Once the sugar rush from Halloween candy is over, it’s holiday time, again.
Holidays can be hard as an ADHD mom for a few reasons:
1) I PLAN AHEAD WITH GOOD INTENTION, NOT GOOD FORESIGHT.
2) I sometimes (read ALWAYS) over schedule. This leads to family members who are over-stimulated with no breaks to just “be.”
3) I don’t plan enough giving to those less fortunate. In past years it’s been about giving to our own personal circle of family and friends. This creates what to buy, budget and wrapping drama. I want to pare it down and concentrate on those in need.
4) I don’t prioritize what I WANT TO FEEL during the holiday season. I’ll explain this towards the end of the post.

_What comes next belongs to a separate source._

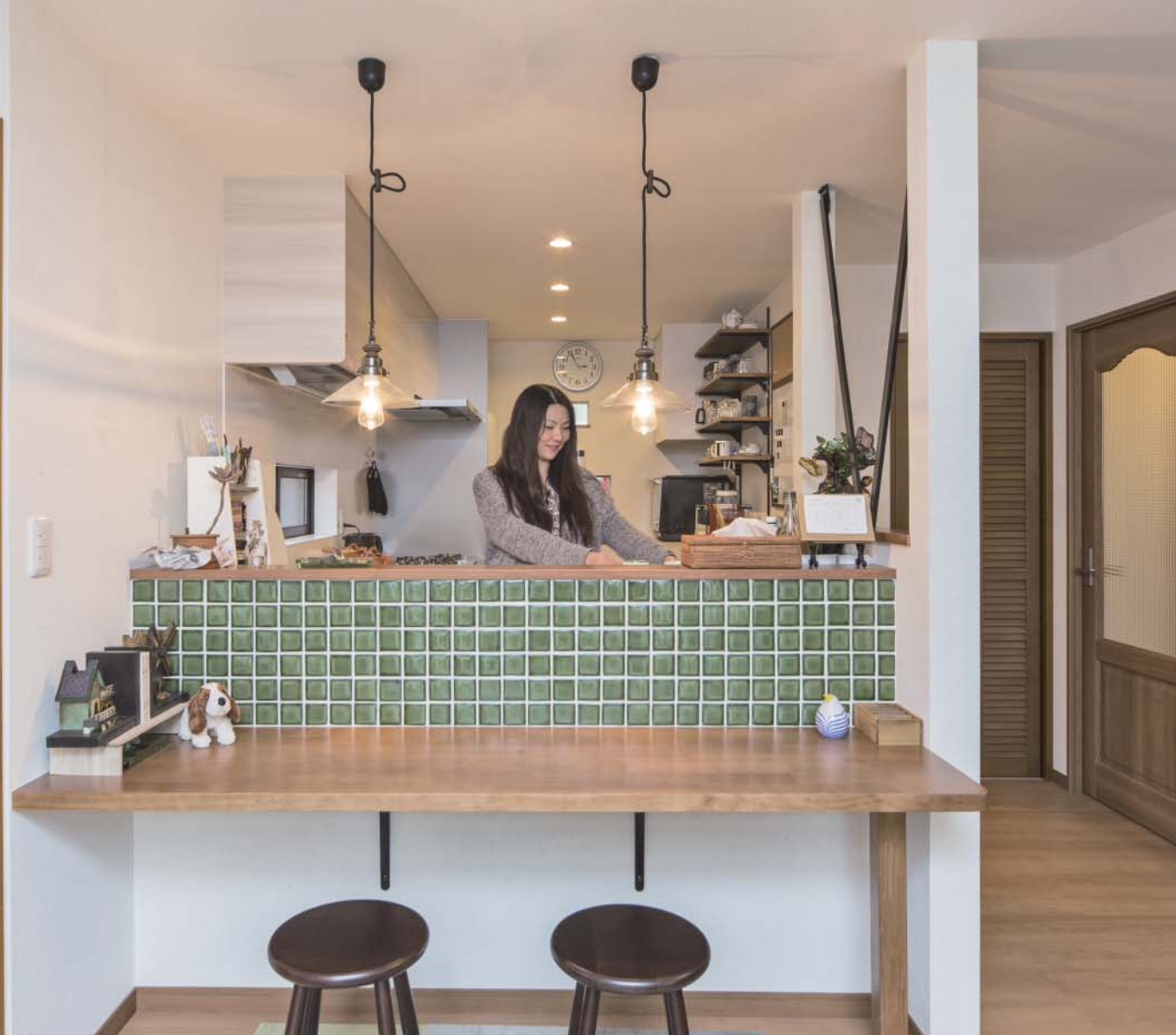
グリーンの表情豊かなタイル、レトロなペンダントライトでNさんの好きなカフェスタイルに。家族のだんらんも自然に増える

To combat my weaknesses, we’re doing things a bit differently this year. Maybe you’ll like the ideas here. If not, you’ll get some “holiday don’ts.”
I hope my list encourages you to think differently about what’s most important for your family this holiday season.
1. Thanksgiving Vacation
Thanksgiving Dinner is out. Literally, we’re going away for the week of Thanksgiving! Our best friends in the world moved to Texas this past summer. We were bummed but excited for them. Before they left we made a pact to see them for Thanksgiving and it’s happening! We’ll be gone for the entire week. Plans include lounging at their pool, checking out Sea World on Thanksgiving Day and visiting Austin for a night with 2 couples and all 5 of our children. We’re traveling from Monday to Monday to avoid airport drama. I need to pay my substitute teacher in David Yurman bracelets for agreeing to take my job.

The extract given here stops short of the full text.